Refreshes the protein references for all peptide hits from an idXML file and adds target/decoy information.

pot. predecessor tools	$\longrightarrow$ PeptideIndexer $\longrightarrow$	pot. successor tools
IDFilter or any protein/peptide processing tool	$\longrightarrow$ PeptideIndexer $\longrightarrow$	FalseDiscoveryRate

PeptideIndexer refreshes target/decoy information and mapping of peptides to proteins. The target/decoy information is crucial for the FalseDiscoveryRate tool. (For FDR calculations, "target+decoy" peptide hits count as target hits.)

PeptideIndexer allows for ambiguous amino acids (B|J|Z|X) in the protein database, but not in the peptide sequences. For the latter only I/L can be treated as equivalent (see 'IL_equivalent' flag), but 'J' is not allowed.

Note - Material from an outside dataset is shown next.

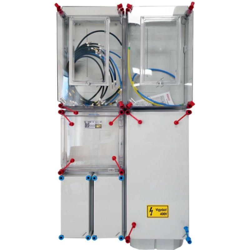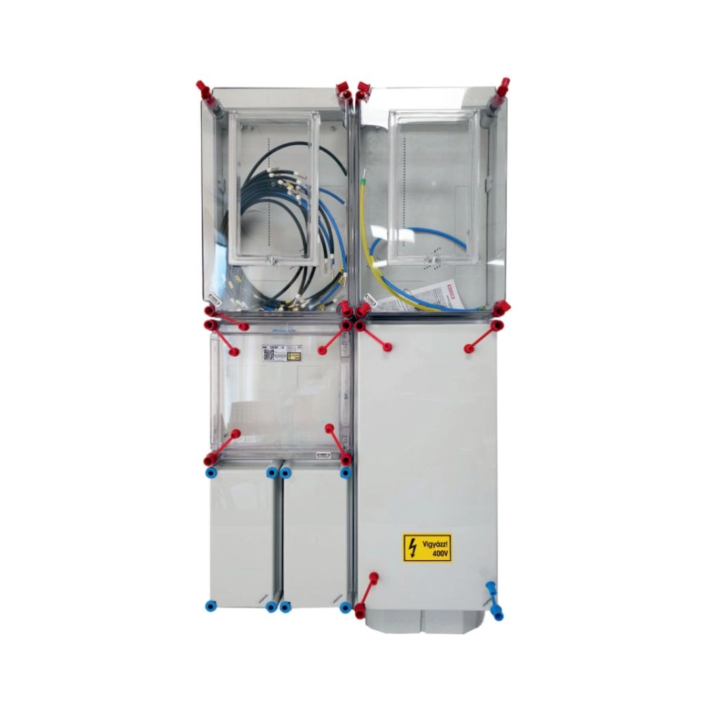 Hensel HB33KHF-U fogyasztásmérő szekrény, 1 vagy 3 fázisú általános és H-tarifás mérők számára, földkábeles csatlakozás 80A mindennapszaki és 63A H-tarifa

Enzyme cutting rules and partial specificity can be specified (derived from input idXML automatically by default).

Resulting protein hits appear in the order of the FASTA file, except for orphaned proteins, which will appear first with an empty target_decoy metavalue. Duplicate protein accessions & sequences will not raise a warning, but create multiple hits (PeptideIndexer scans over the FASTA file once for efficiency reasons, and thus might not see all accessions & sequences at once).

All peptide and protein hits are annotated with target/decoy information, using the meta value "target_decoy". For proteins the possible values are "target" and "decoy", depending on whether the protein accession contains the decoy pattern (parameter decoy_string) as a suffix or prefix, respectively (see parameter prefix).

Peptide hits are annotated with metavalue 'protein_references', and if matched to at least one protein also with metavalue 'target_decoy'. The possible values for 'target_decoy' are "target", "decoy" and "target+decoy", depending on whether the peptide sequence is found only in target proteins, only in decoy proteins, or in both. The metavalue is not present, if the peptide is unmatched.

Runtime: PeptideIndexer is usually very fast (loading and storing the data takes the most time) and search speed can be further improved (linearly), but using more threads. Avoid allowing too many (>=4) ambiguous amino acids if your database contains long stretches of 'X' (exponential search space).

PeptideIndexer supports relative database filenames, which (when not found in the current working directory) are looked up in the directories specified by OpenMS.ini:id_db_dir (see TOPP for Advanced Users). The database is by default derived from the input idXML's metainformation ('auto' setting), but can be specified explicitly.

Further details can be found in the underlying OpenMS::PeptideIndexing implementation.

Note: Currently mzIdentML (mzid) is not directly supported as an input/output format of this tool. Convert mzid files to/from idXML using IDFileConverter if necessary.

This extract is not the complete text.